Assuming that a massive spin-1 particle has momentum only in the z-direction, the polarization vectors are given by

$$\varepsilon_{\mu}(J_z = +1) = (0,-\frac{1}{\sqrt{2}},-\frac{i}{\sqrt{2}},0 )$$

$$\varepsilon_{\mu}(J_z = 0) = (\frac{p}{m},0,0, \frac{E}{m})$$

$$\varepsilon_{\mu}(J_z = -1) = (0,\frac{1}{\sqrt{2}},-\frac{i}{\sqrt{2}},0 )$$

The so-called spin-sum is the claimed to be

$$\sum\limits_{J_z = -1,0,+1} \varepsilon_{\mu}\varepsilon_{\nu}^* = g_{\mu\nu} + \frac{p_{\mu}p_{\nu}}{m^2}$$

I absolutely dont understand how this spin-sum is evaluated.
What does $\varepsilon_{\mu}\varepsilon_{\nu}^*$ even exactly mean?

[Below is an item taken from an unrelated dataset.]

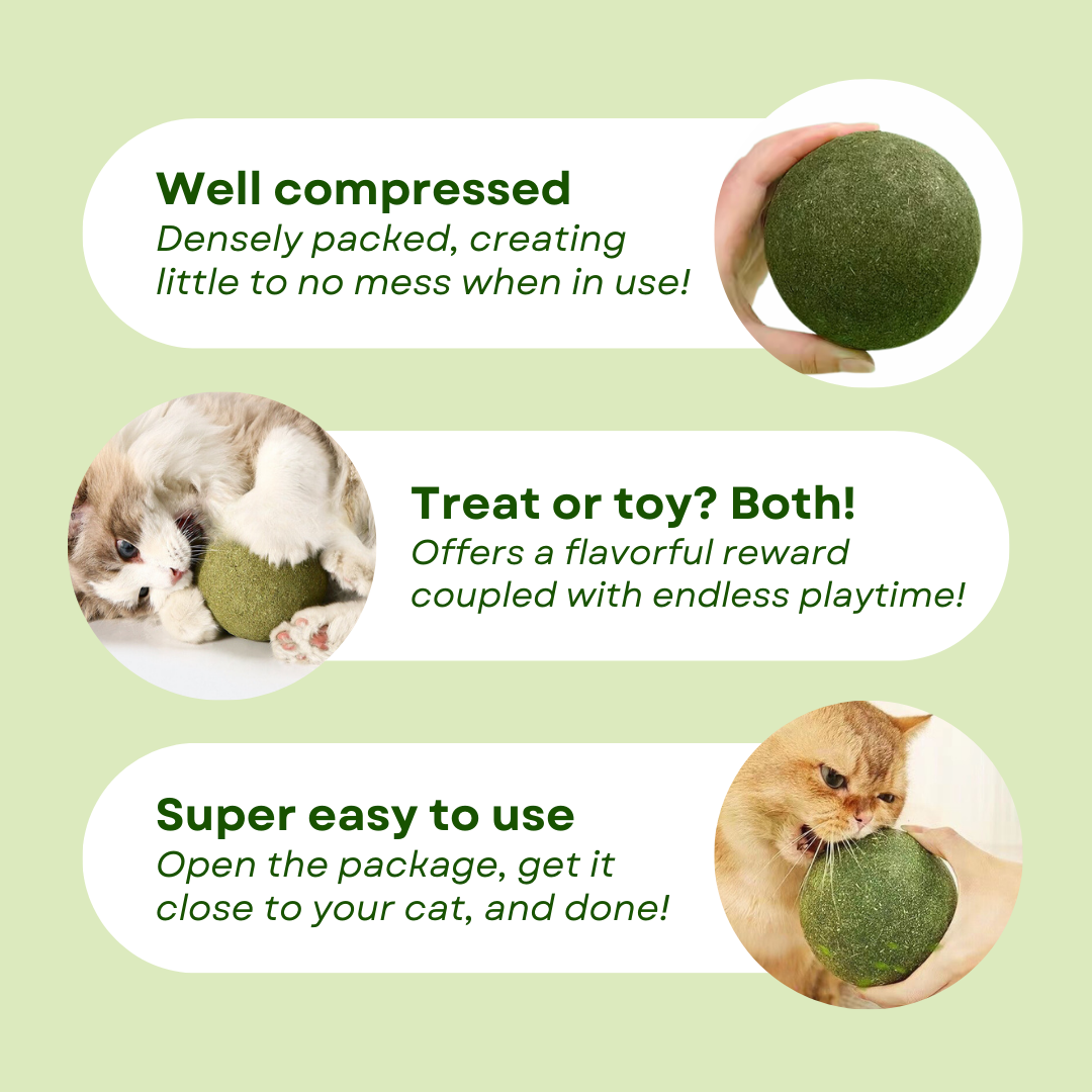 The Jumbo Catnip Ball blurs the line between treat and toy while being entirely enjoyable for your cat! Who needs to play with the ball 24/7 when your catnip can become a ball itself!

Is it a scalar product between two of the three above polarization vectors, or is it a "tensor-product" between the components of a single polarization vector which results in a 4x4 matrix and one has finally to sum all such matrices for the three possible values of $J_z$?
I would really appreciate it if somebody can explain to me what this spin-sum exactly means and how it is evaluated step-by-step.

2. Jul 29, 2015

### Orodruin

Staff Emeritus
The latter option, it is a tensor product, which results in a rank two tensor (which may be represented by a matrix, it is not a matrix - it is a rank two tensor). The sum is taken over all possible spin states, i.e., you are summing several rank two tensors. The result is a new rank two tensor.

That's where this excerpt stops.